(Collected material)

---

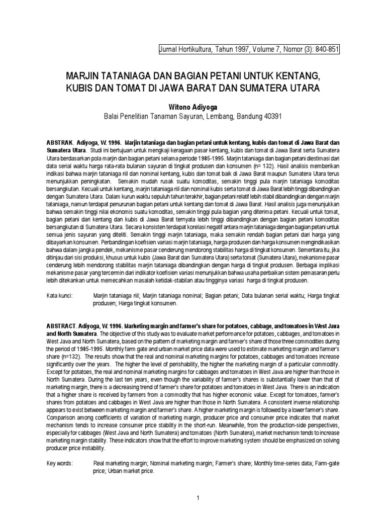 Marjin Tataniaga Dan Bagian Petani Untuk Kentang, Kubis ...
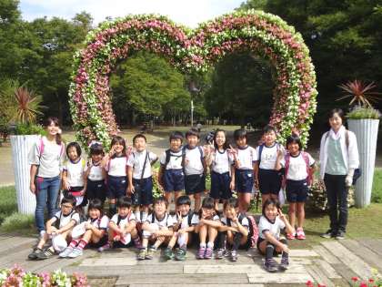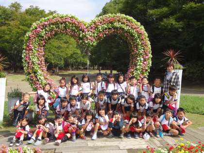 ハートの花のアーチをバックに集合写真を撮りました。
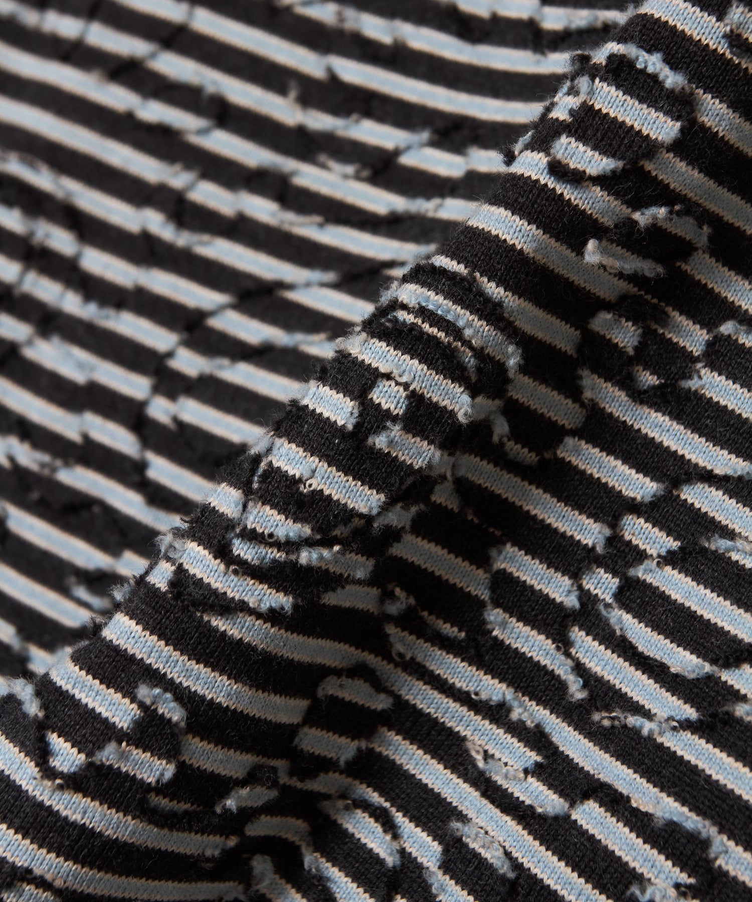 These denim pants are made of black denim with vertical black and horizontal white and have been chemically washed.

---

(Problem requirements) Write out the listing above in full, word for word, with no pictures.

(Solution for this exercise)
 Marjin Tataniaga Dan Bagian Petani Untuk Kentang, Kubis ...
 ハートの花のアーチをバックに集合写真を撮りました。
 These denim pants are made of black denim with vertical black and horizontal white and have been chemically washed.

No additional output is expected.